- Supplied material
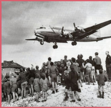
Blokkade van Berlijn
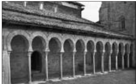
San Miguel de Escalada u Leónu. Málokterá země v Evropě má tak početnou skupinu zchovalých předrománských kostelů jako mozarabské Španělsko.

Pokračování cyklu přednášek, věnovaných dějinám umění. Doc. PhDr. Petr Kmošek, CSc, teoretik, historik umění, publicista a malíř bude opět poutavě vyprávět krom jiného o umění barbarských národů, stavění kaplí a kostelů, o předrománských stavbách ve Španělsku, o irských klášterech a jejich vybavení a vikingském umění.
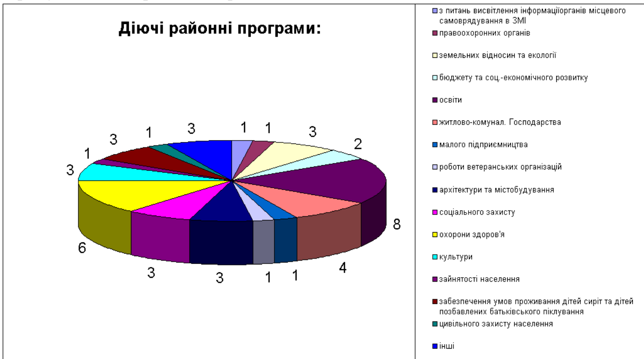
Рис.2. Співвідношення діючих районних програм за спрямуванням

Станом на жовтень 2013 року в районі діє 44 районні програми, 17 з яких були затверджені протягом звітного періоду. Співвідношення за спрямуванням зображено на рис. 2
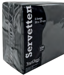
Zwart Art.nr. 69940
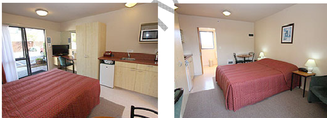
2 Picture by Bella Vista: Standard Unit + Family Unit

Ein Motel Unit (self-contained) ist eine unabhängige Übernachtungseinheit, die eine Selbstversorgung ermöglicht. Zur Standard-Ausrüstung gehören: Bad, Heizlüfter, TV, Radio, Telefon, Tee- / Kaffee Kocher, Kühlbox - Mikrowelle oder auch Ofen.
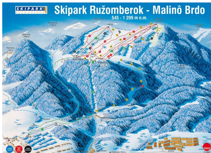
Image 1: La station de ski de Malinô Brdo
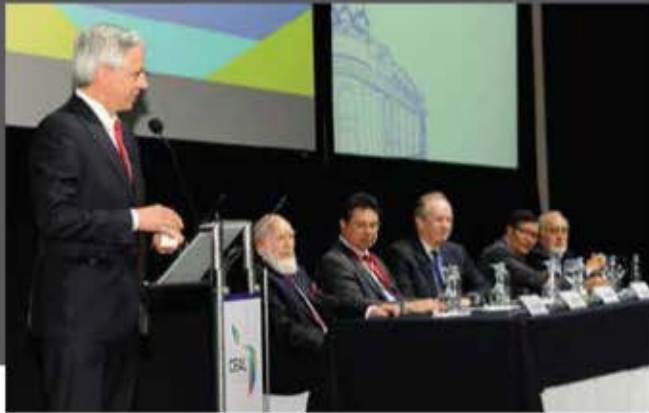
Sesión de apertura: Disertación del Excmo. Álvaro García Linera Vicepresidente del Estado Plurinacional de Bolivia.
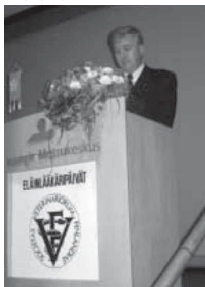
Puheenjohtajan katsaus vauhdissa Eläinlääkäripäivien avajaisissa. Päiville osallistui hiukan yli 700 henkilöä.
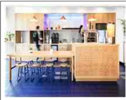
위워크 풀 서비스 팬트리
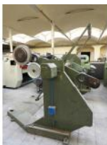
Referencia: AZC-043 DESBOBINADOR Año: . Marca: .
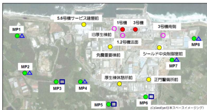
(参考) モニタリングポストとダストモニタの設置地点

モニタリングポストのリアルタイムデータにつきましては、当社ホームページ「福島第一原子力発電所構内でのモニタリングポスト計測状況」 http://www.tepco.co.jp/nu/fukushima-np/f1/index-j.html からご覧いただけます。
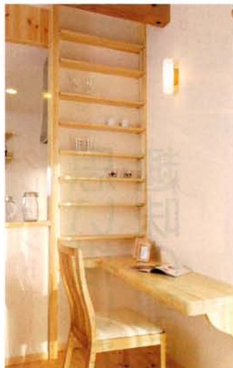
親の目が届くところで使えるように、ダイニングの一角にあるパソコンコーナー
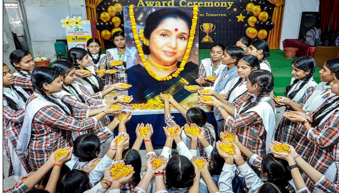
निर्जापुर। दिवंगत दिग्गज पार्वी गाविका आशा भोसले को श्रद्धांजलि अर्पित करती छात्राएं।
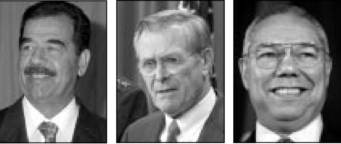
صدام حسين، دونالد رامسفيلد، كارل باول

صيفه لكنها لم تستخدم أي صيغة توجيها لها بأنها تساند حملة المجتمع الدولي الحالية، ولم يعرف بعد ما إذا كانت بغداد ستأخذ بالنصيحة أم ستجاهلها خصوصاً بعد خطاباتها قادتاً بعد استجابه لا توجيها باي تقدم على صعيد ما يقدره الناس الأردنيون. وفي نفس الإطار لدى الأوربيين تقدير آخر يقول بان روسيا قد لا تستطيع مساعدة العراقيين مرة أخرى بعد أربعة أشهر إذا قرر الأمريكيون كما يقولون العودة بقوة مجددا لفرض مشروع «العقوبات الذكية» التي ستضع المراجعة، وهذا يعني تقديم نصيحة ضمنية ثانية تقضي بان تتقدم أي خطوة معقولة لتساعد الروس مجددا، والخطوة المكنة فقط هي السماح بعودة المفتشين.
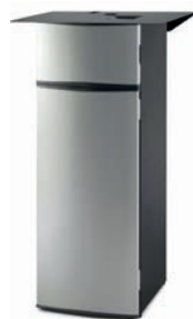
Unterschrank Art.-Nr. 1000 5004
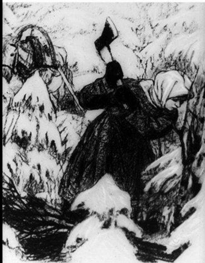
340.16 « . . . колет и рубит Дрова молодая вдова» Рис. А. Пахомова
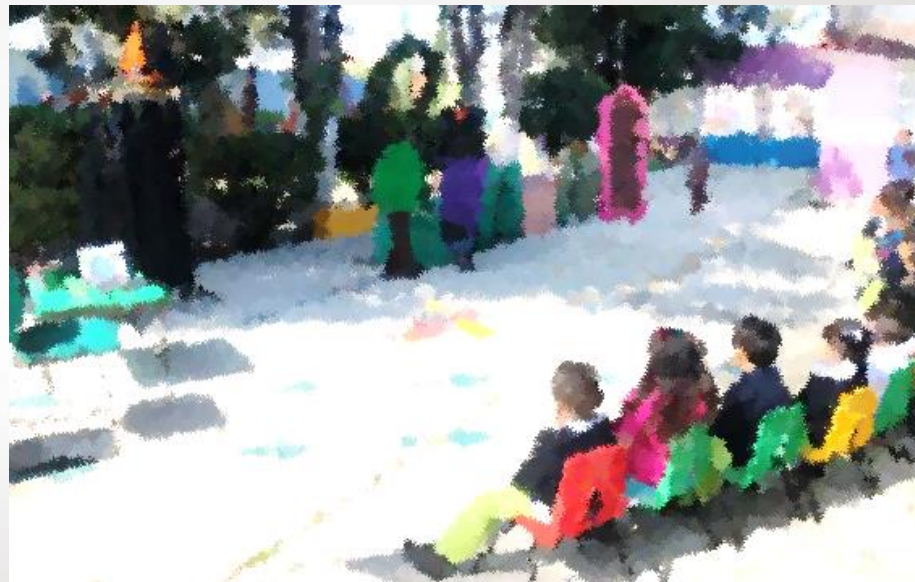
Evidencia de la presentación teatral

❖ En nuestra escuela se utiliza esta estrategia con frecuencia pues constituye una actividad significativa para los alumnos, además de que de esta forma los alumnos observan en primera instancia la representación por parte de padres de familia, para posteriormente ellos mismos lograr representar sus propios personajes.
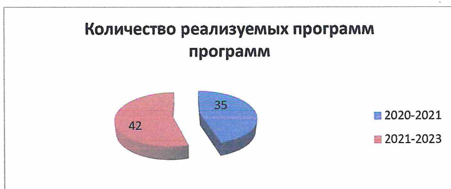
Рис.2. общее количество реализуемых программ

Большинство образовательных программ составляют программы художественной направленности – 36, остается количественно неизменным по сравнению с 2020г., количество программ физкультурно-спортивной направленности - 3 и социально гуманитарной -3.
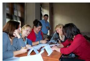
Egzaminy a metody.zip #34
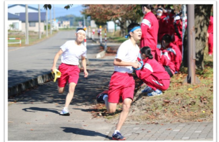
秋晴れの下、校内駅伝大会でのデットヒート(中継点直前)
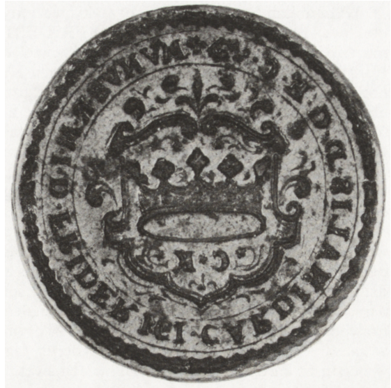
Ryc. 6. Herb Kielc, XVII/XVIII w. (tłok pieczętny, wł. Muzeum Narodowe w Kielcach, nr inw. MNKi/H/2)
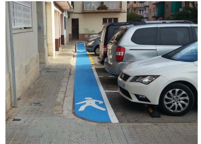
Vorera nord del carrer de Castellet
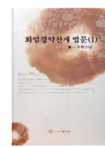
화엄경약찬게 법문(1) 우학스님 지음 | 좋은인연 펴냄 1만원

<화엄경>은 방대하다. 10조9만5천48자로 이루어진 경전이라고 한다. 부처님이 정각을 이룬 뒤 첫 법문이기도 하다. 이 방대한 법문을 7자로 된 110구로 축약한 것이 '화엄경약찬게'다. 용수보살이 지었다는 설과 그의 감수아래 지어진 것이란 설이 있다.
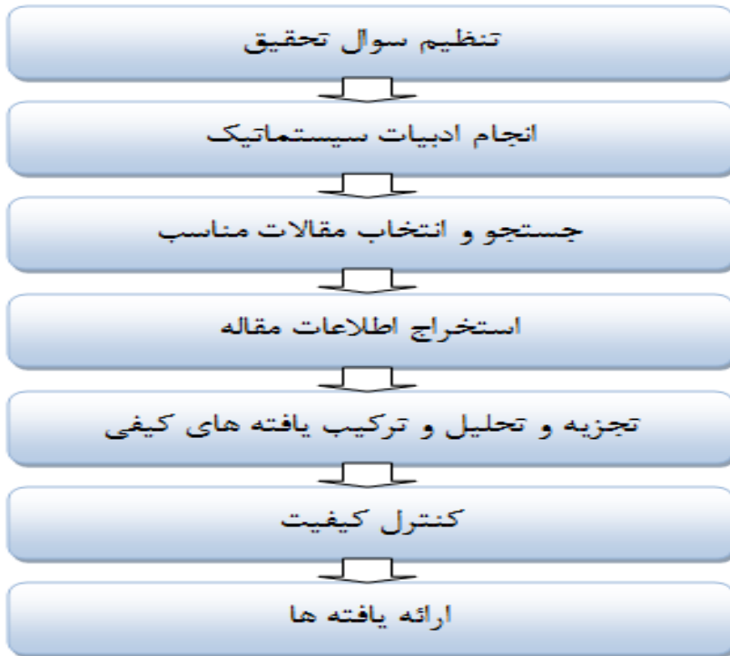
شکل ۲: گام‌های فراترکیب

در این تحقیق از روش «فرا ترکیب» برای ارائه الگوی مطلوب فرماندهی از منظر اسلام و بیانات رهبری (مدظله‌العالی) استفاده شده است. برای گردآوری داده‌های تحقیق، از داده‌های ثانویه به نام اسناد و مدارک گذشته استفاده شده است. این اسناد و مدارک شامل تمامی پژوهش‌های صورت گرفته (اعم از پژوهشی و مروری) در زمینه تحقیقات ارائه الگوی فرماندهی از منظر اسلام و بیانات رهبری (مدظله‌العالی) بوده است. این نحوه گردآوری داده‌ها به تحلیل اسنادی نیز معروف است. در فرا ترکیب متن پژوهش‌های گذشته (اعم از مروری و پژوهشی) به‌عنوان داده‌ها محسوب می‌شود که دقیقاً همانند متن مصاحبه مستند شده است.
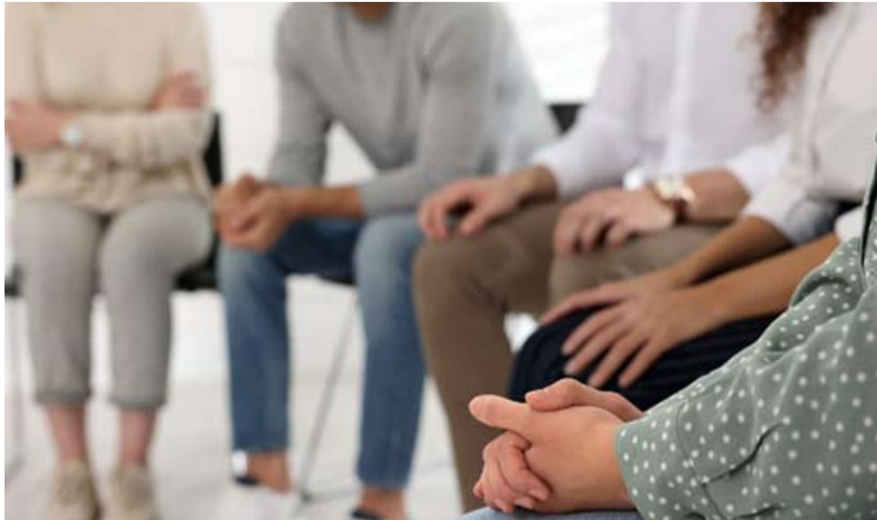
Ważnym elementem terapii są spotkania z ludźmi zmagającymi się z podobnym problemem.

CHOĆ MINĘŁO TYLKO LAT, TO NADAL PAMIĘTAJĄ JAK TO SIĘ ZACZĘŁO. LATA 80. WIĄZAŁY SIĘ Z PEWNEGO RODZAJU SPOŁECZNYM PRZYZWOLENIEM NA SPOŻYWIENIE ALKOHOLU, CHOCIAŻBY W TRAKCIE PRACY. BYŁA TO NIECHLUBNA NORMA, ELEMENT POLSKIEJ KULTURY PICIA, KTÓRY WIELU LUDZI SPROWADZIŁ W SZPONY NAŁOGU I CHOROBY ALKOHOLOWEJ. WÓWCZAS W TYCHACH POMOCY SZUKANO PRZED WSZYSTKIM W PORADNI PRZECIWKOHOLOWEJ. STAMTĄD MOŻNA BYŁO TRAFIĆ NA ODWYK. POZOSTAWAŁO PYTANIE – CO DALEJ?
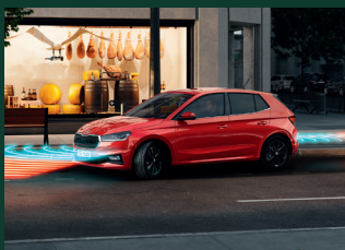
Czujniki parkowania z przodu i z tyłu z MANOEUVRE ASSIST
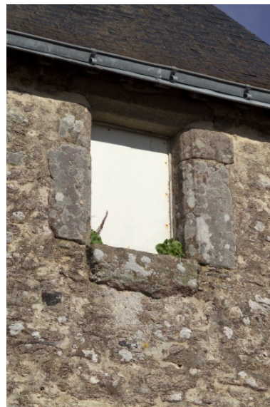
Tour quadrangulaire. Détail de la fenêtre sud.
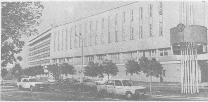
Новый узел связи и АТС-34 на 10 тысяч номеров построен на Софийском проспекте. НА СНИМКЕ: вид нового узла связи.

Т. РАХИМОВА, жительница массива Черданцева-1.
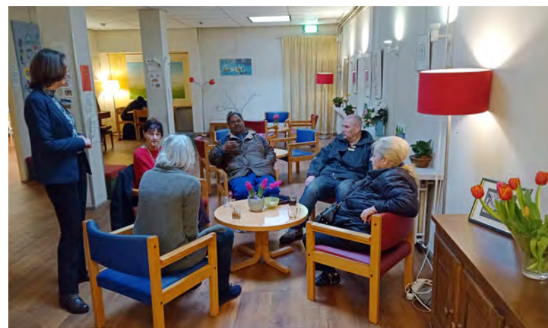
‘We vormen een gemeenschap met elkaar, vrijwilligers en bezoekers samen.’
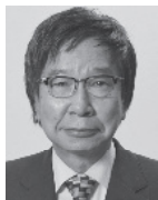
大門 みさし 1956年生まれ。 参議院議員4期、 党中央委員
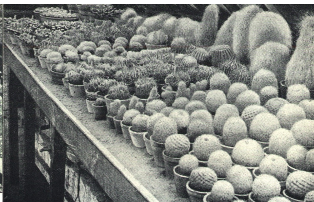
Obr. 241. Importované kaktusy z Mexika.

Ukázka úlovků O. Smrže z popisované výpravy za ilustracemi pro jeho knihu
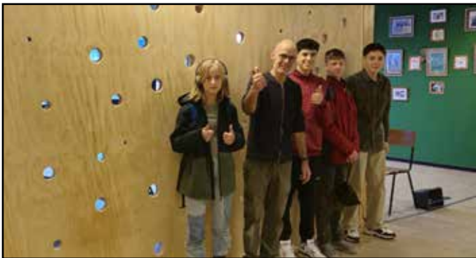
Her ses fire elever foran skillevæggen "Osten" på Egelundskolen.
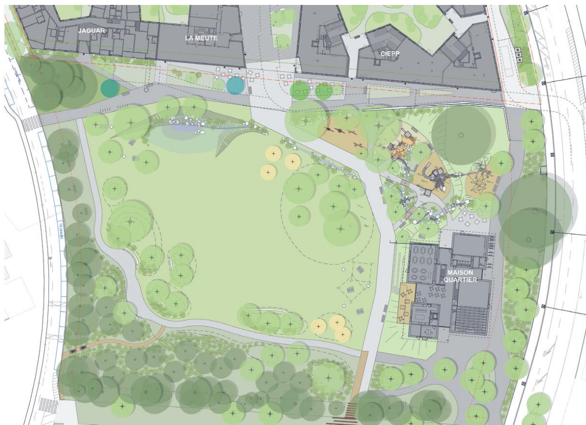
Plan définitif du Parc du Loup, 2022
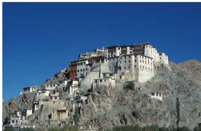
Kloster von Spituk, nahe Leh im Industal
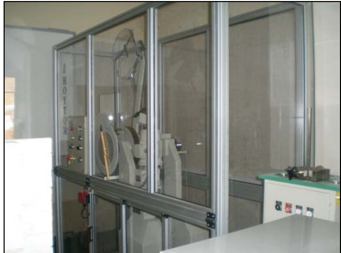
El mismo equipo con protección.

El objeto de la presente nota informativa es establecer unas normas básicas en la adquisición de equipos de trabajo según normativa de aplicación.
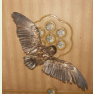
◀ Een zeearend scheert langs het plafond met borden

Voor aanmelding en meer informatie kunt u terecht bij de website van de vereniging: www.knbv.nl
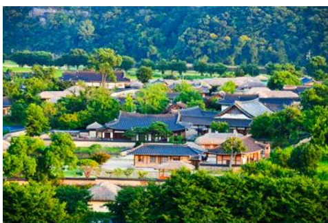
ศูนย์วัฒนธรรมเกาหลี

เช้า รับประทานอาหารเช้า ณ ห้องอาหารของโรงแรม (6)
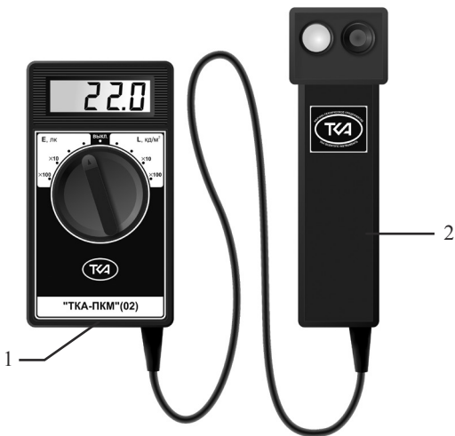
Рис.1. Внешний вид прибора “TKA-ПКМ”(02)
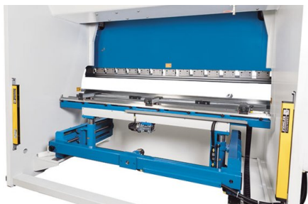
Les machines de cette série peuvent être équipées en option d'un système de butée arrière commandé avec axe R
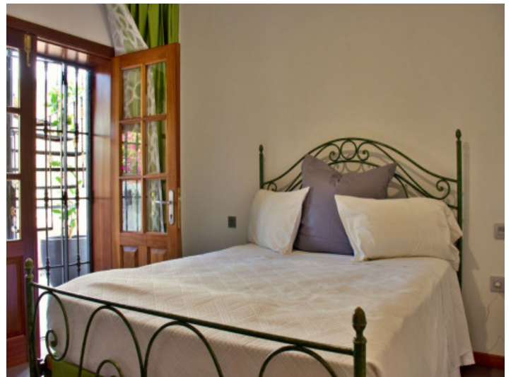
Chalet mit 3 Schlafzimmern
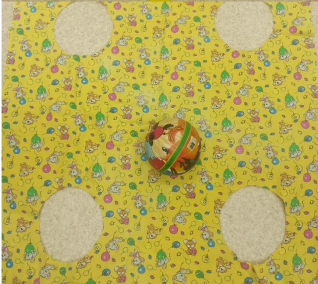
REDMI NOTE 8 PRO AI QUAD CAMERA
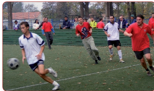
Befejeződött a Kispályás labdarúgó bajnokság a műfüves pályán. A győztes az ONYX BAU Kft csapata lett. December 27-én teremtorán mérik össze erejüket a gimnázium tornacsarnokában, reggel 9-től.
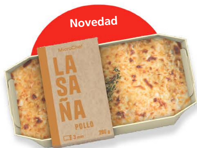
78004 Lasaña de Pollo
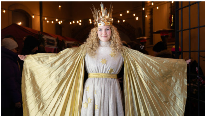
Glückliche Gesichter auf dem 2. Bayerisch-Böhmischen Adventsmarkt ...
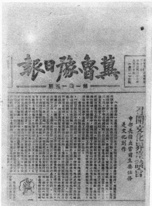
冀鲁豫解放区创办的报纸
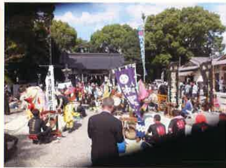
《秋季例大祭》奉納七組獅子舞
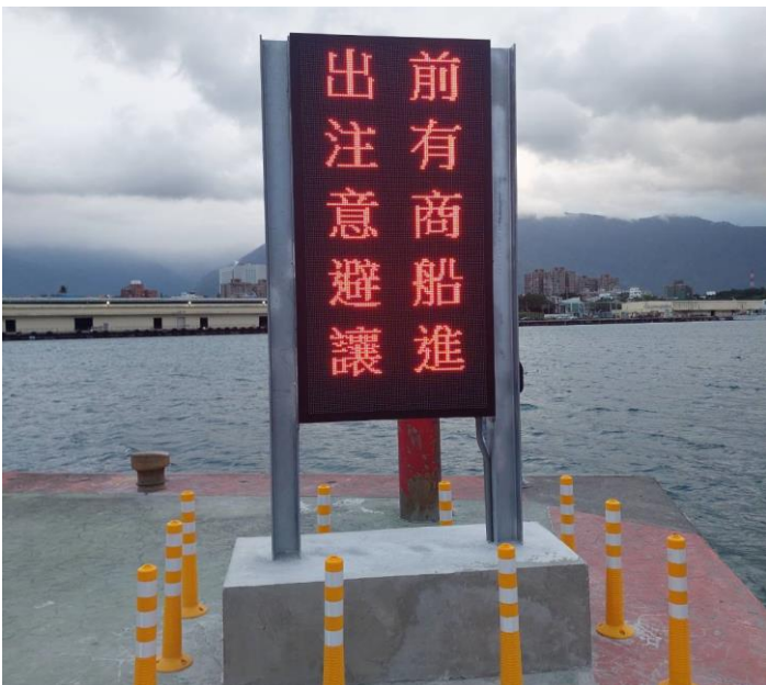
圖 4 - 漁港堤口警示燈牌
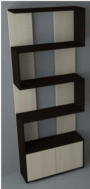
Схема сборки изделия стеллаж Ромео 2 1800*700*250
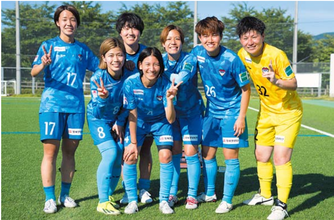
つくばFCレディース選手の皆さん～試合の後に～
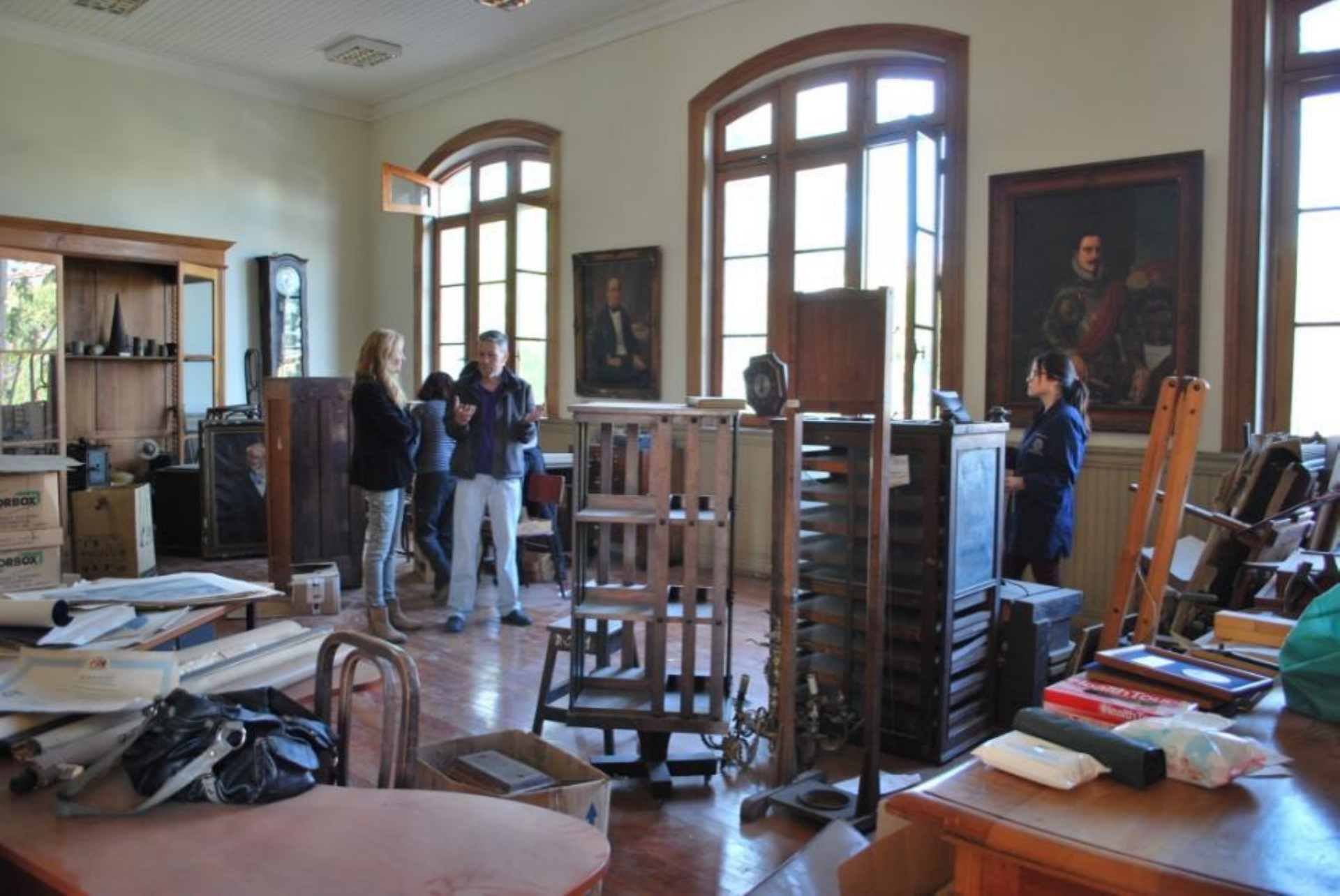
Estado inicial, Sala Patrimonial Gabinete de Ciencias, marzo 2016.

- Task directions
Your task is to restate word for word the lines from the top of the data to the line containing "Рис.2. Співвідношення діючих", both ends included, with every picture left out.

- Reply
Blokkade van Berlijn
San Miguel de Escalada u Leónu. Málokterá země v Evropě má tak početnou skupinu zchovalých předrománských kostelů jako mozarabské Španělsko.

Pokračování cyklu přednášek, věnovaných dějinám umění. Doc. PhDr. Petr Kmošek, CSc, teoretik, historik umění, publicista a malíř bude opět poutavě vyprávět krom jiného o umění barbarských národů, stavění kaplí a kostelů, o předrománských stavbách ve Španělsku, o irských klášterech a jejich vybavení a vikingském umění.
Рис.2. Співвідношення діючих районних програм за спрямуванням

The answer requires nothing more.